What is required:
Take the lines below from the one with "证券之星消息,3月4日,华夏" through the one with "Casa central de" and retype them exactly. Include nothing else, and no pictures.

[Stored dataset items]

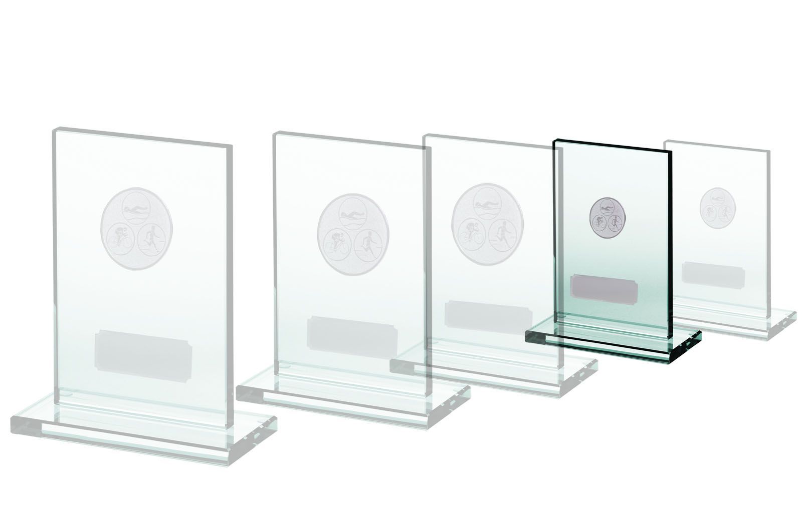 Glass plakett med valg fri idrett eller aktivitet. Høyde 11 cm, 13 cm og 16 cm.
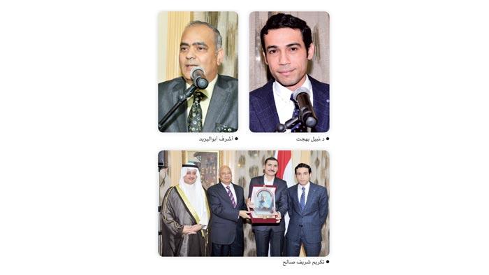 جاء ذلك خلال الاحتفالية التي اقامها الملحق الثقافي المصري د.نبيل بهجت لتكريم الكاتبين اشرف ابو اليزيد وشريف صالح وافتتاح معرض رسوم الاطفال «مصر الجميلة» بحضور نائب الأمين العام للمجلس الوطني للثقافة والفنون والآداب بدر الدويش وعدد من أركان البعثة الدبلوماسية، مساء أمس الأول بمقر المكتب الثقافي.
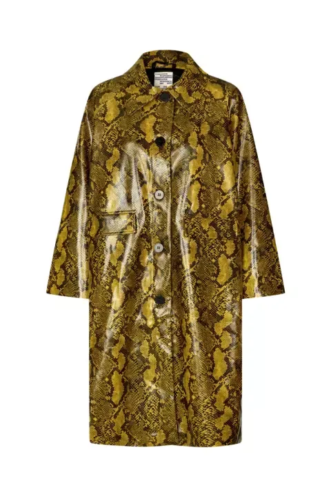 Tip z českých butiků: Polyuretanový kabát ve velikostech 34–42, cena 3 799 Kč od Baum und Pferdgarten, je důkazem, že lakovaná móda není výsadou zahraničních značek.
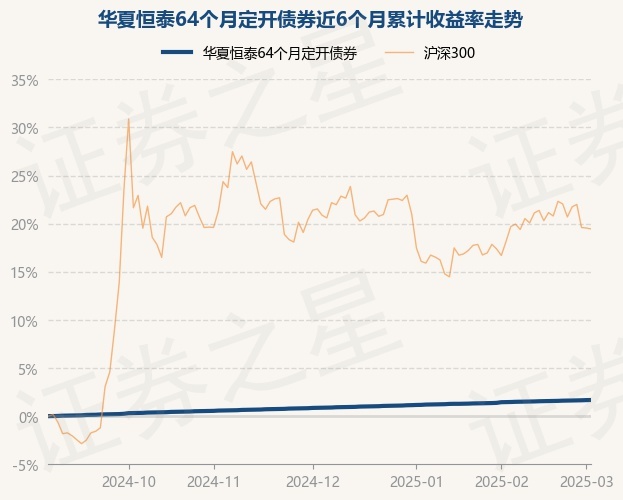 证券之星消息,3月4日,华夏恒泰64个月定开债券最新单位净值为1.0269元,累计净值为1.1854元,较前一交易日上涨0.01%。历史数据显示该基金近1个月上涨0.29%,近3个月上涨0.8%,近6个月上涨1.68%,近1年上涨3.53%。该基金近6个月的累计收益率走势如下图:
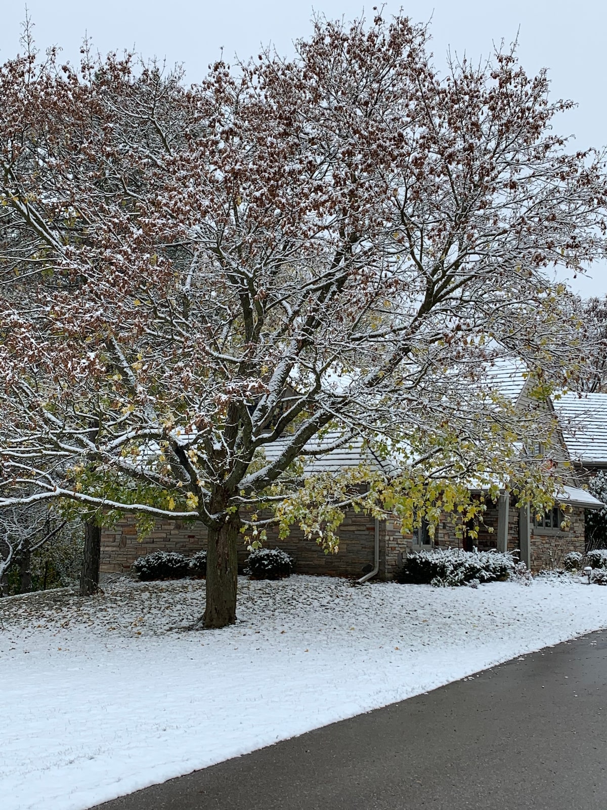 Casa central de ladrillo rojo: sendero, LRT y fogata.
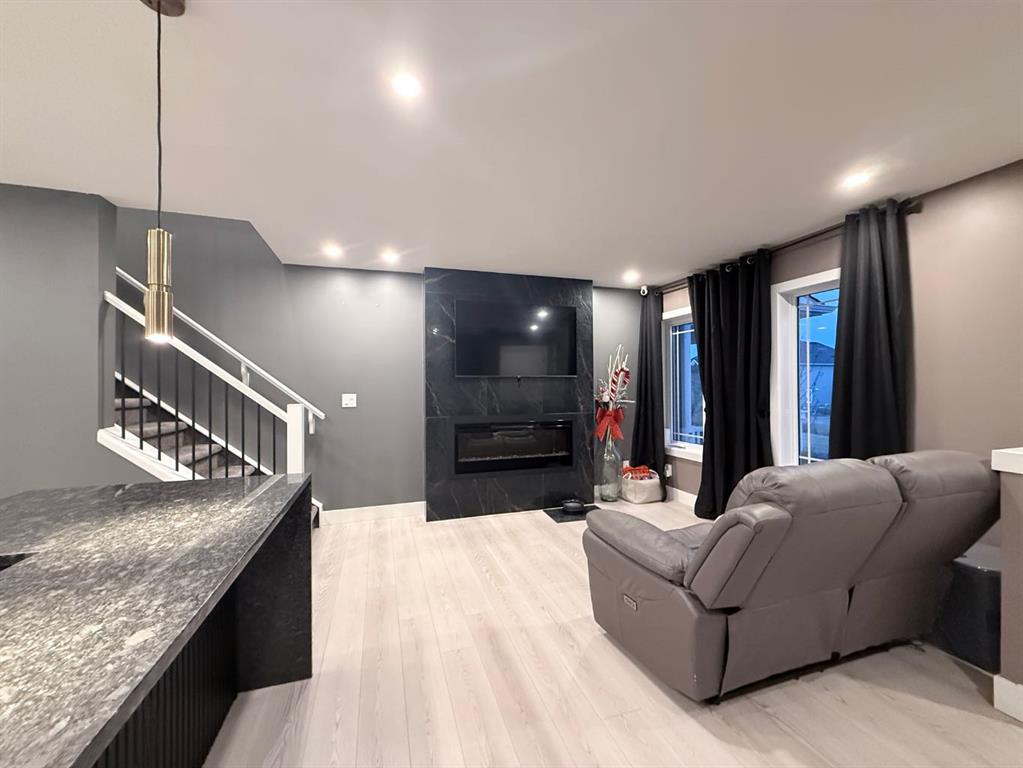 The main floor features an open concept layout with a chef-inspired kitchen, granite waterfall island, full-height cabinets with valance lighting, and stainless steel appliances. Plus a gas line making a gas stove possible. The living area showcases porcelain tile fireplaces and designer finishes that set this home apart.
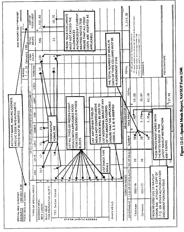ACCOUNTING PROCEDURES When 10 or less special meals are issued during the monthly accounting period, they are accounted for the same as regular GM meals. The accounting procedures discussed next are used only when more than 10 special meals are issued during the monthly accounting period. The FSO uses either a NAVSUP Form 1282 or a NAVSUP Form 1059 to record the quantity and value of food items required in preparing the special meals. The issue document is priced and extended using fixed prices. This is done at the time of issue. The quantity issued is posted as an expenditure in the Other column of the Subsistence Ledger, NAVSUP Form 335. The issue document should be retained by the FSO pending preparation of the Monthly Special Meals Report, NAVSUP Form 1340. General When a flight or operation is canceled or other valid circumstances prevent the use of special meals requested and prepared, they can be returned to the FSO. However, special meals are not returned for credit if more than 3 hours have elapsed since they were issued. Return of cash for unused special meals, already paid for in cash, is authorized. Refunds are made by the FSO or his or her representative only upon receipt of a NAVSUP Form 340 prepared by the officer signing the original request for meals. The request should have a notation "Returned for credit" clearly marked on the original. This is used by the FSO to post credit entries to cash accounts. Components of unused returned special meals should be reused when possible. They need not be taken upon stock and financial records. Monthly Special Meals Report, NAVSUP Form 1340 A NAVSUP Form 1340 i . 12-11 , prepared in duplicate, is used to report the number of special meals issued during the month and the cost of food items used in preparing the special meals. This should be the value of all documents prepared for issue of food items used in the preparation of special meals during the month. This value is entered in the Cost of Food Used column. The cost of supplemental food items may be prorated among the meals in which they are served. The NAVSUP Form 1340 should be completed showing the total meals issued upon certification of entitlement to each government agency and to any foreign enlisted personnel at government expense. This information is taken from the NAVSUP Forms 340, processed during the period covered by the NAVSUP Form 1340. The foreign government and invitational travel order numbers of foreign enlisted personnel under the Military Assistance Program should be shown for foreign issues and should be taken from the Receipt for Flight Meals on the reverse side of NAVSUP Forms 340 for the period being reported. The type of aircraft or small craft and its serial or hull number should be shown in the Comment block when applicable. The FSO should sign the NAVSUP Form 1340, certifying that the special meals indicated were issued. The total value of food items used in preparation of special meals during each accounting period should be entered on the Balance Sheet section of the General Mess Operating Statement, NAVSUP Form 1358, opposite the caption Special Meals under Expenditures. The original NAVSUP Form 1340 is submitted monthly to NAVFSSO with the Ration and Sales Report, NAVSUP Form 1357. A copy is retained for posting the Record of Receipts and Expenditures, NAVSUP Form 367, and in preparation of the quarterly NAVSUP Form 1358. If a completed NAVSUP Form 1340 reveals that the cost of food used for any type of special meal exceeds the monetary allowances for that meal, a letter of explanation should accompany the report explaining why the allowances were exceeded and actions taken to prevent reoccurrence. Cash received for the sale of special meals should be safeguarded and deposited with the disbursing officer. A receipt should be obtained in a Cash Receipt Book NAVSUP Form 470. In addition to the recapitulation on NAVSUP Form 1340, cash collected, deposited, and due from credit sales is reported on the monthly Ration and Sales Report, NAVSUP Form 1357.

Output below:
 证券之星消息,3月4日,华夏恒泰64个月定开债券最新单位净值为1.0269元,累计净值为1.1854元,较前一交易日上涨0.01%。历史数据显示该基金近1个月上涨0.29%,近3个月上涨0.8%,近6个月上涨1.68%,近1年上涨3.53%。该基金近6个月的累计收益率走势如下图:
 Casa central de ladrillo rojo: sendero, LRT y fogata.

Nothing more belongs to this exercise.